Student answers will vary based on the countries they choose to compare. The Web site is a good business culture guide for international businessmen.Discussion should focus on the dimensions of culture as described in the text.

  1. Form a team and summarize what you believe the primary cultural aspects of your home country to be. Report your findings to the class.

Analysis of the culture should use the frameworks discussed in the chapter. Student answers will vary.

  1. In your view, how do foreign nationals misunderstand your country? Make a list of the most important of these. Are they cultural in nature? Historical? Political? Other? What types of training could a firm pursue to overcome these misunderstandings?

Students are encouraged to form groups of two or more from differing cultural backgrounds. Views on each other’s culture could be used as a reference point to obtain a foreigner’s view of one’s culture. Other sources should also be used. A popular source for such views could be leading stereotypes and views presented in movies. Student responses will vary.

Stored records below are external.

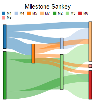 This template creates a Sankey Diagram, which shows how items flow from one Milestone to the next. Thicker paths indicate that more items flow between two milestones.
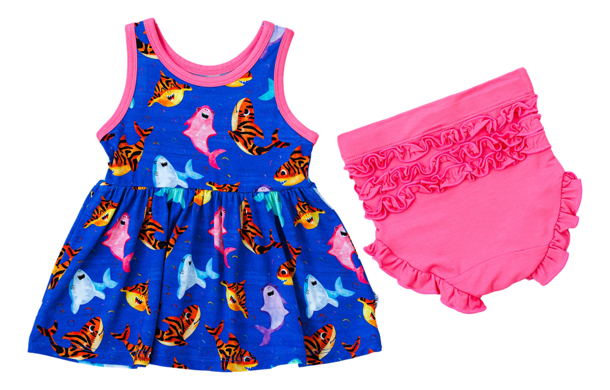 This outfit is designed using a lightweight blend of viscose from bamboo and spandex fabric, lending it exceptional softness and comfort with fantastic breathability. The adorable print makes it a great selection for any summer day!
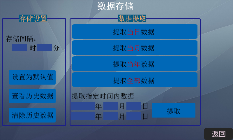 4、数据自动记录和打印,控制器自带的存储器可自动存储长达2年的数据,方便客户查询和打印,数据存储时间可手动设置,小为每分钟记录一次,查看历史数据功能分为提取当天、当月、当年数据。大限度满足单位不同的需求。

  1. In 2005, a number of Chinese firms sought to buy U.S. firms. This includes the China National Offshore Oil Corporation purchase of Chevron, the Lenovo purchase of IBM’s laptop business, and Haier’s purchase of Maytag. Research one of these proposed acquisitions. Which ones were completed? What would be the cultural implications of each of the proposed acquisitions? In other words, would some of the mergers be expected to be more difficult because the nature of the integration that would be required, or the business involved?

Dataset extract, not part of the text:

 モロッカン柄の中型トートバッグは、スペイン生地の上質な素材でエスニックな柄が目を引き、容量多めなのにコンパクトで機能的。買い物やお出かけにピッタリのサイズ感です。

Student responses will vary based on the acquisition they choose to research. Cultural aspects of the two nations should be discussed using the frameworks provided in the text. Aspects of culture most relevant to a business setting should be identified to reveal the complexities arising out of the acquisitions.

SHORT CASE QUESTIONS

  1. What are some of the major differences you see in doing business in Germany if you are an American?

As given in the text, Germany is a fine example of monochronic societies which tend to do things in a linear way, valuing punctuality and strict schedules. Further differences include the perception toward authority and individual initiative. Students should be encouraged to research the differences from available sources. Student answers may vary.

  1. Renault Motors is a French firm that owns Nissan Automobile of Japan. Why do you think this merger worked when the Daimler Chrysler merger did not?

Use a search engine to find more information on these mergers. Students should identify the major dimensions of culture of the nations involved that could have aided or hindered the mergers.

  1. Think of ways that the Daimler Chrysler merger could have been encouraged to succeed.

Methods to avoid cultural conflicts and mistakes should be adopted by providing cultural sensitivity training for the staff. Discussion should be focused strategies on improving communication between the two parties in the merger.